Material supplied section start
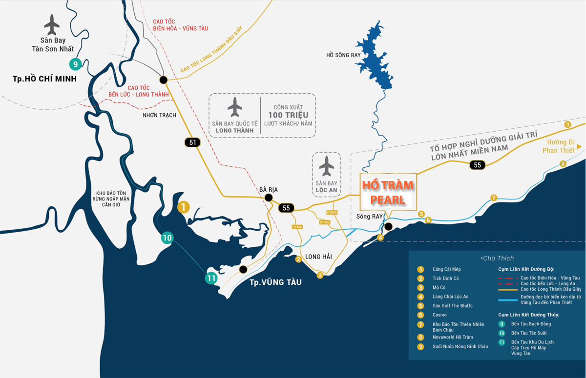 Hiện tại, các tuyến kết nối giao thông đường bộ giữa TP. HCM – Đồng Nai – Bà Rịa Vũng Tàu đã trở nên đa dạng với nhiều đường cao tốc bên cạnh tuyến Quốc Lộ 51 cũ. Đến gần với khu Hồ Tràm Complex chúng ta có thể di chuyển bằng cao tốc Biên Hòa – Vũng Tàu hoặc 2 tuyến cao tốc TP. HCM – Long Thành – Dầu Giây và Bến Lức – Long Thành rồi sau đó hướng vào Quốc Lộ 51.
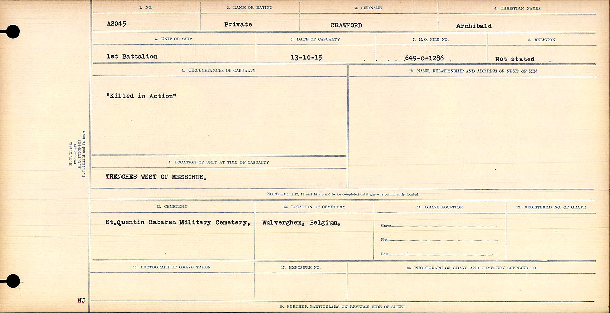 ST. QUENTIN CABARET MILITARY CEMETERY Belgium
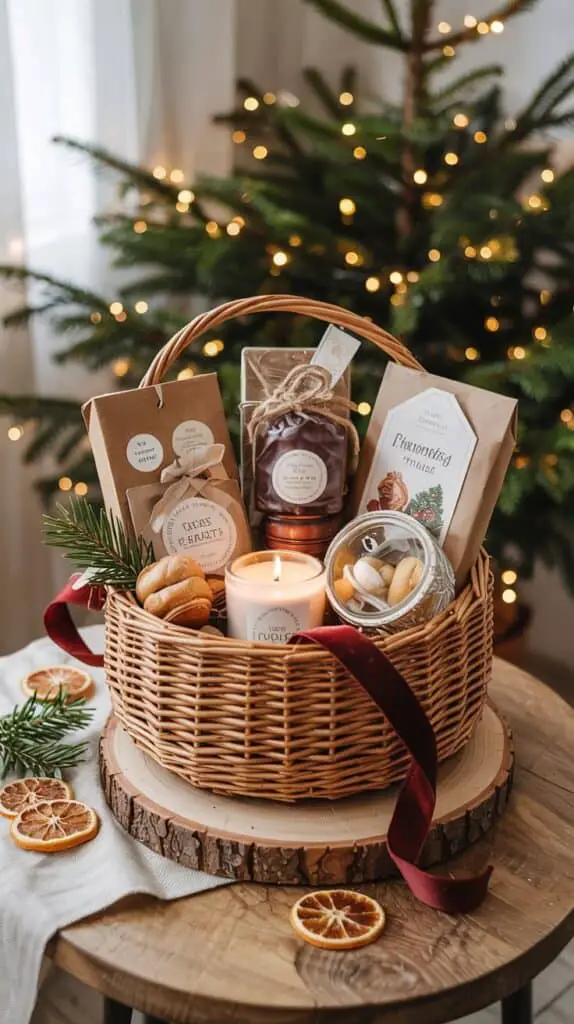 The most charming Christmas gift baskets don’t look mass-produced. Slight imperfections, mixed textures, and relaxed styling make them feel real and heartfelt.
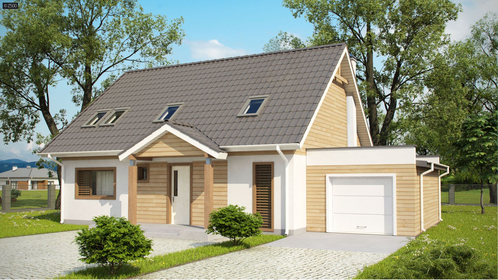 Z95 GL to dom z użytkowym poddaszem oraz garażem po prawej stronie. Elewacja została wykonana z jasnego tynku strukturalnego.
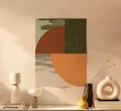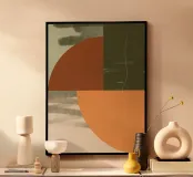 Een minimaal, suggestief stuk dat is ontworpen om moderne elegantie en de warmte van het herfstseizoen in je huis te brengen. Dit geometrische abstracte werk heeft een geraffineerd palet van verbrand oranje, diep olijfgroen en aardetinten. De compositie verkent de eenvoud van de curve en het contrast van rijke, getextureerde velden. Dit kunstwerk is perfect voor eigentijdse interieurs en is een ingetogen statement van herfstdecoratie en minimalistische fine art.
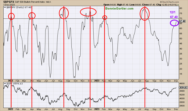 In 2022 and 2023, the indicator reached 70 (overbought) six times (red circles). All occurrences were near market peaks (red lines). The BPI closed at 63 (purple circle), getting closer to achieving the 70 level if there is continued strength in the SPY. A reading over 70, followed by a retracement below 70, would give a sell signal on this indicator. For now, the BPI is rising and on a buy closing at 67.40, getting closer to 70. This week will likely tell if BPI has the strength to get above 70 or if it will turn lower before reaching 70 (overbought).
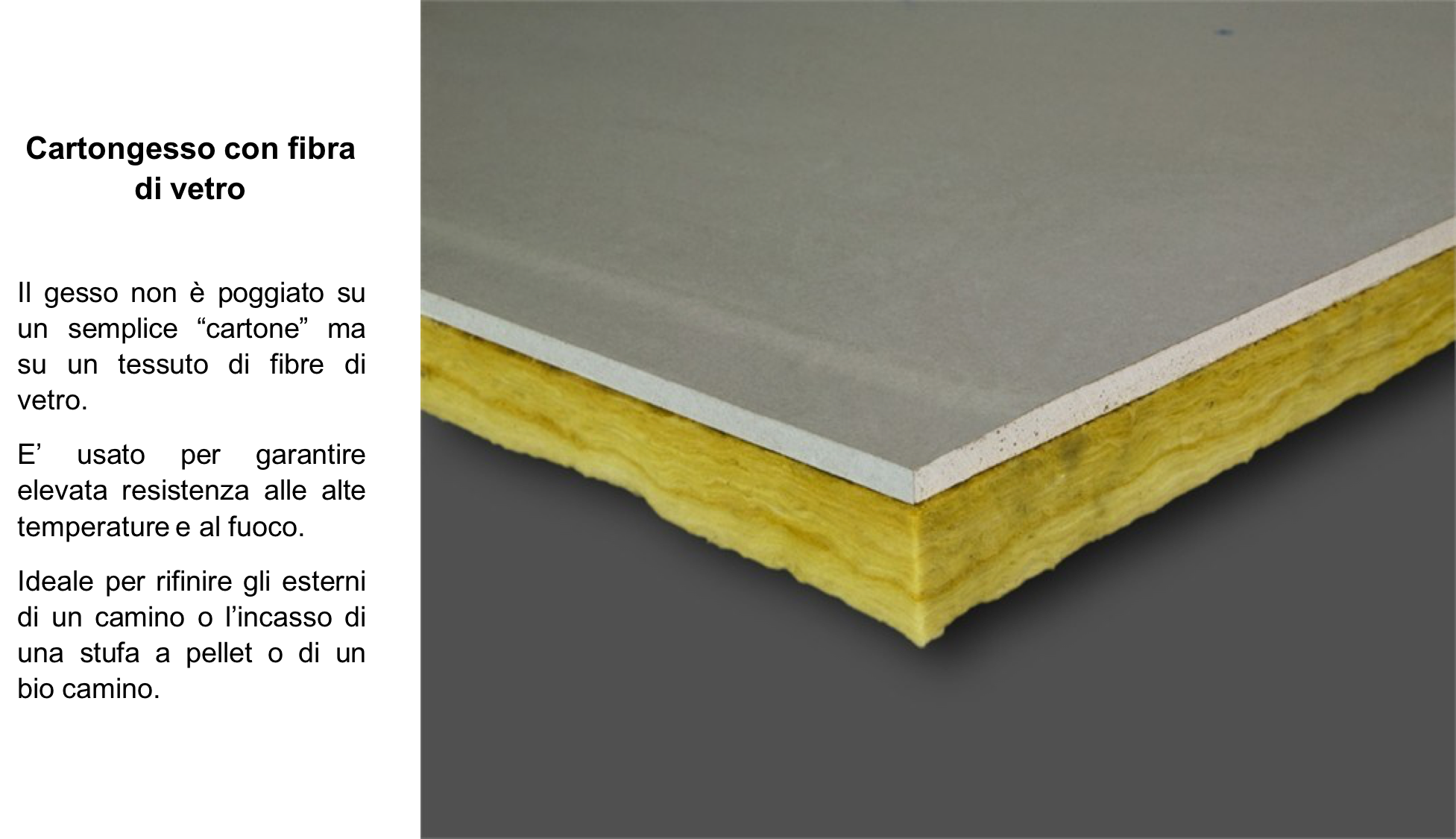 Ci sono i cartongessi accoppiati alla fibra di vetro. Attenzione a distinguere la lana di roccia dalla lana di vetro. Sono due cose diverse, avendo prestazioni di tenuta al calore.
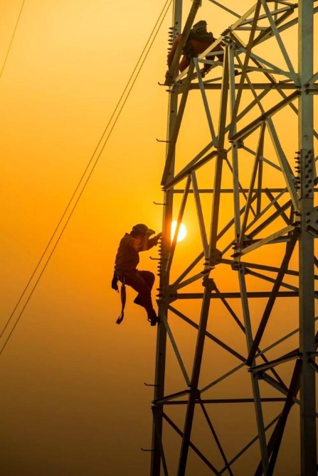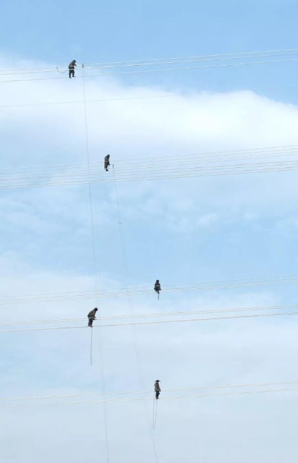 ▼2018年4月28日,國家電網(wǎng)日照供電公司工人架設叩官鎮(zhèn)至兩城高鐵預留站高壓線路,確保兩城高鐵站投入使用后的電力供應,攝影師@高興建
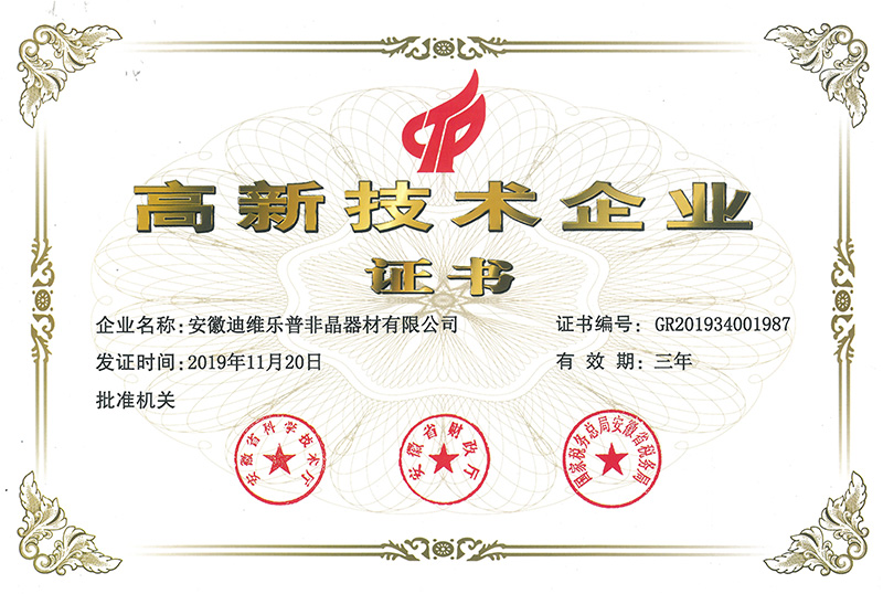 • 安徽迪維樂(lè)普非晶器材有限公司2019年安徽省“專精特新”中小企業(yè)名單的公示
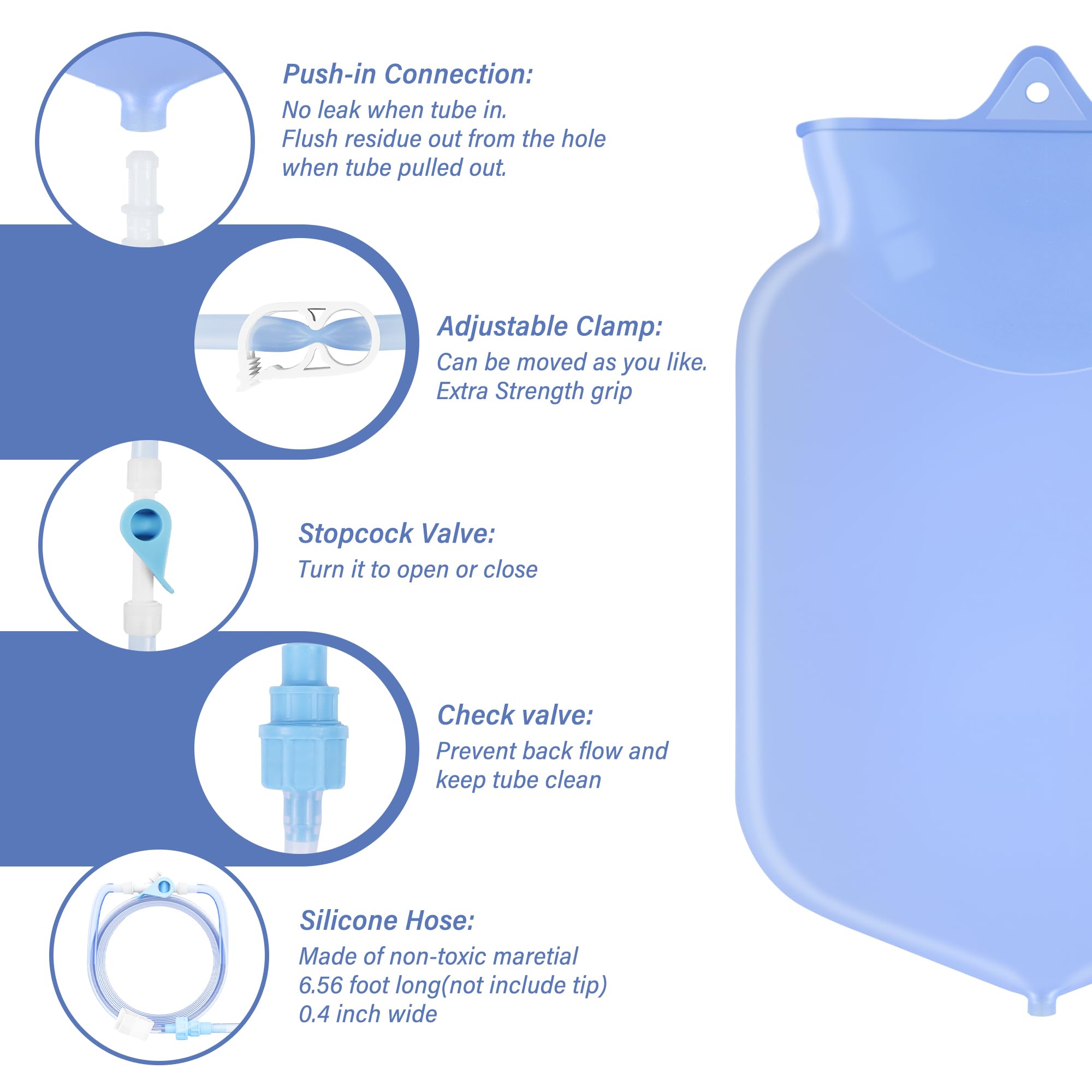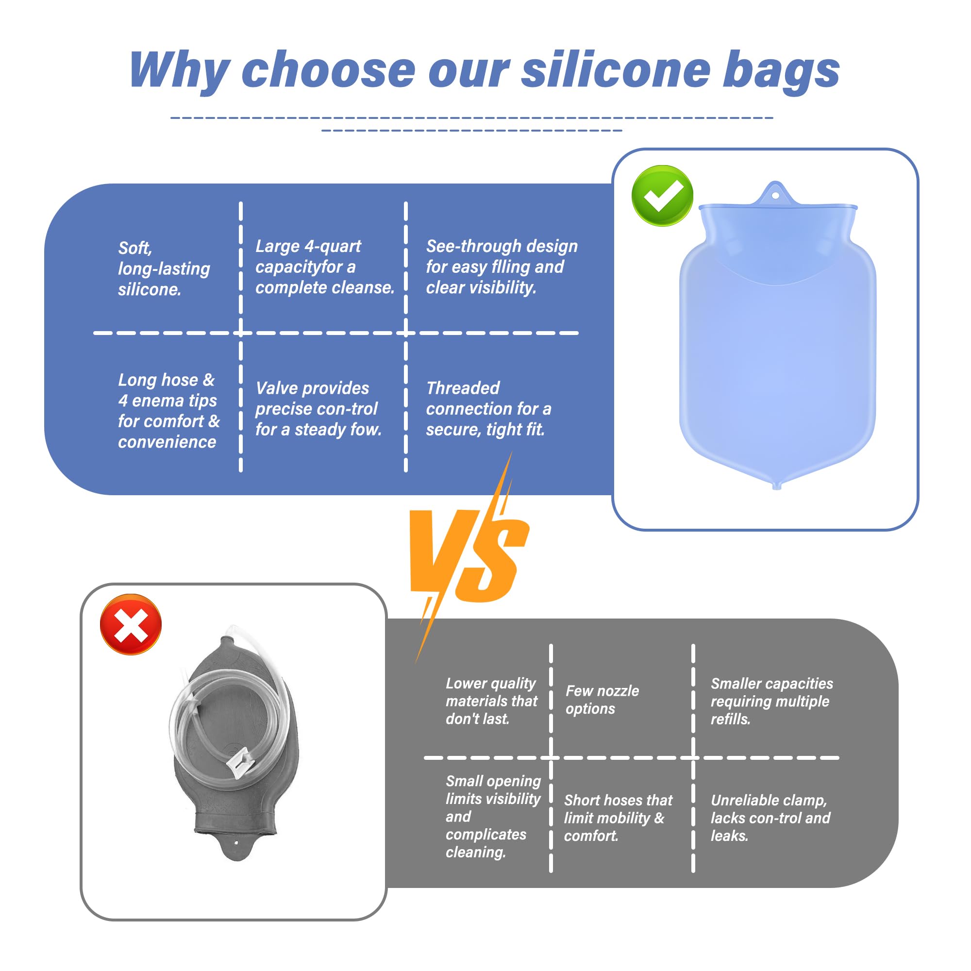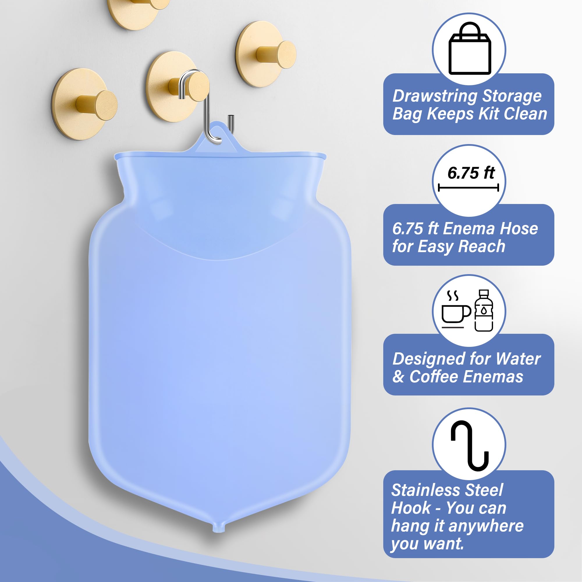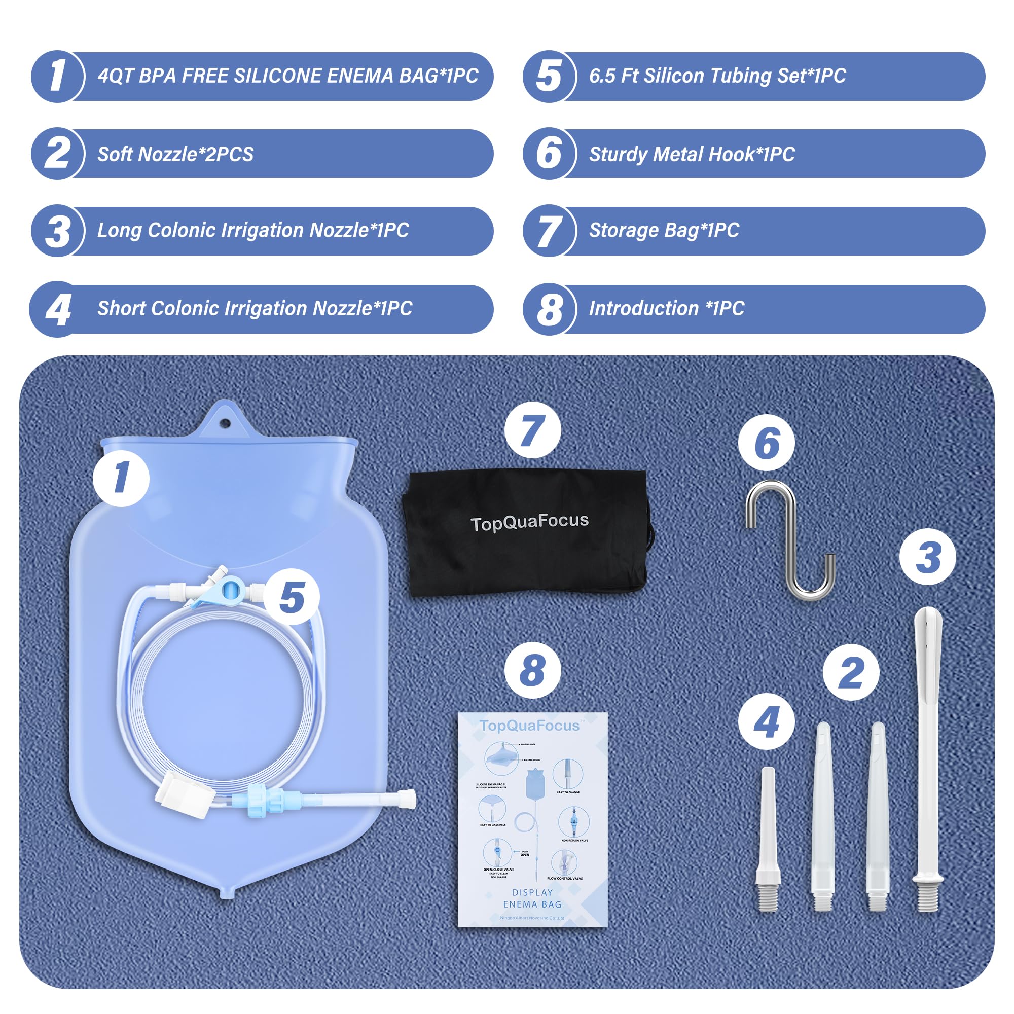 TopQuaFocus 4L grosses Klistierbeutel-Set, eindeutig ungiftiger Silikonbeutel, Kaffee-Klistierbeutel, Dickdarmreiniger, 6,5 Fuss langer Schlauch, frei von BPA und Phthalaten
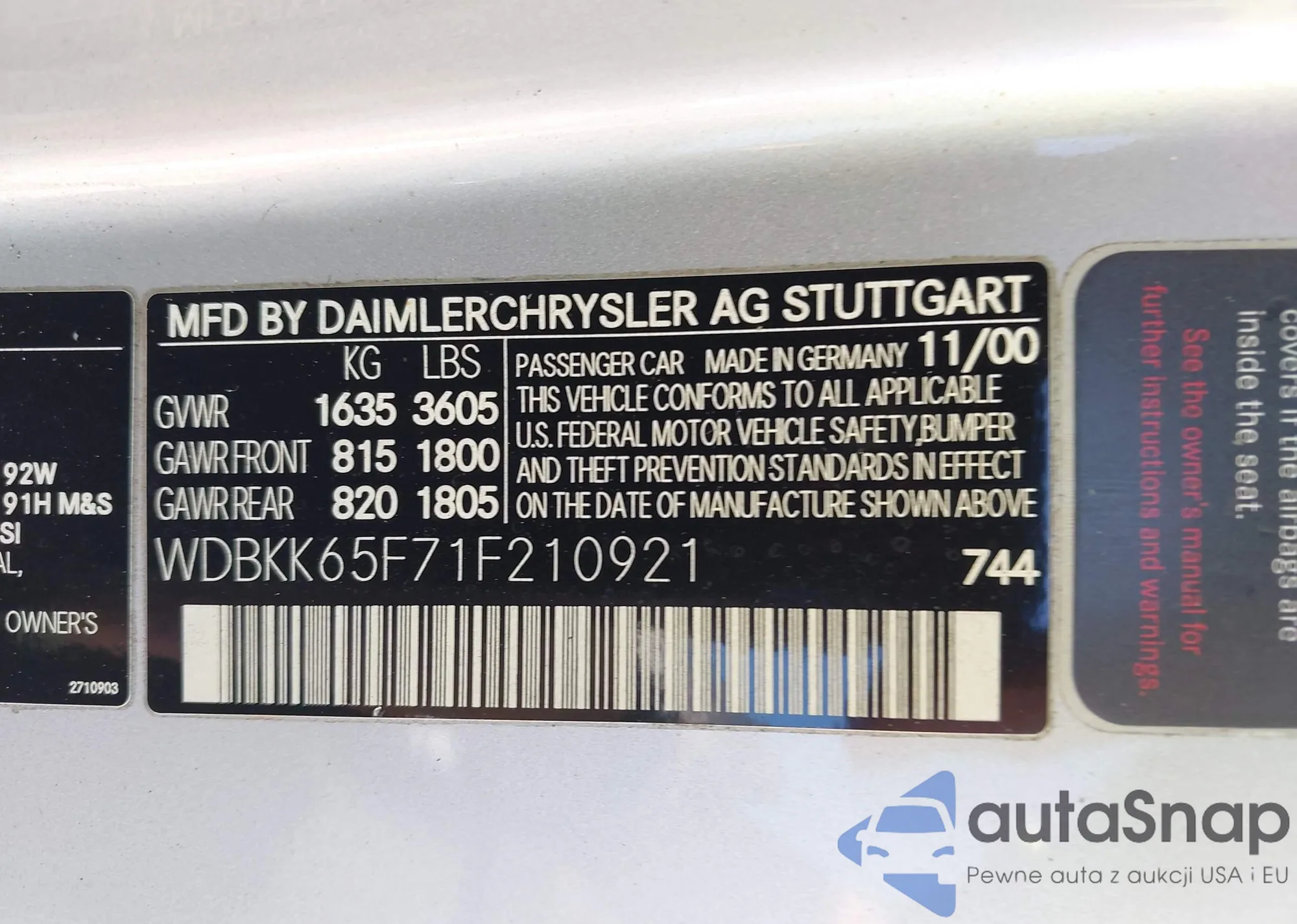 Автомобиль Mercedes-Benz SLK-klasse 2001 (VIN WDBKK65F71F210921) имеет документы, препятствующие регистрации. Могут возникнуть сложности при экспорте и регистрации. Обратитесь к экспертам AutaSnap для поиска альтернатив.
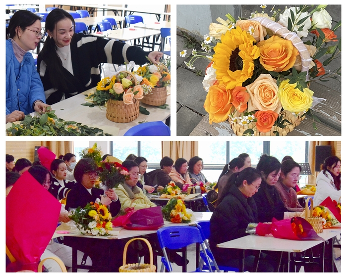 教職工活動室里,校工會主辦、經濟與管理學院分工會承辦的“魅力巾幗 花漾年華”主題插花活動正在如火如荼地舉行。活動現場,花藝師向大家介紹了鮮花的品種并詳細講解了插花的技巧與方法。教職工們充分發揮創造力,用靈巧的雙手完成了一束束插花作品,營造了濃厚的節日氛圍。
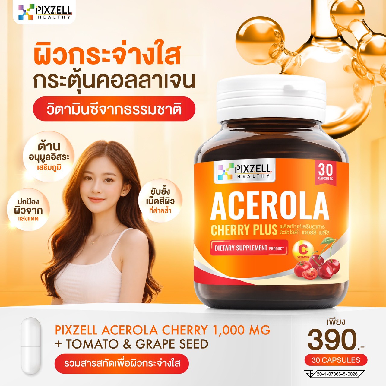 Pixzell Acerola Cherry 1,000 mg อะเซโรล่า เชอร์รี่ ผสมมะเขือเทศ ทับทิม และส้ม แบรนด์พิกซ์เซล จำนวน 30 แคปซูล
Material supplied section end
What to do » From the top of the listing above, repeat each line exactly until you reach the line containing "Z95 GL to dom", and repeat that one too. Leave the pictures out.

Answer space »
 Hiện tại, các tuyến kết nối giao thông đường bộ giữa TP. HCM – Đồng Nai – Bà Rịa Vũng Tàu đã trở nên đa dạng với nhiều đường cao tốc bên cạnh tuyến Quốc Lộ 51 cũ. Đến gần với khu Hồ Tràm Complex chúng ta có thể di chuyển bằng cao tốc Biên Hòa – Vũng Tàu hoặc 2 tuyến cao tốc TP. HCM – Long Thành – Dầu Giây và Bến Lức – Long Thành rồi sau đó hướng vào Quốc Lộ 51.
 ST. QUENTIN CABARET MILITARY CEMETERY Belgium
 The most charming Christmas gift baskets don’t look mass-produced. Slight imperfections, mixed textures, and relaxed styling make them feel real and heartfelt.
 Z95 GL to dom z użytkowym poddaszem oraz garażem po prawej stronie. Elewacja została wykonana z jasnego tynku strukturalnego.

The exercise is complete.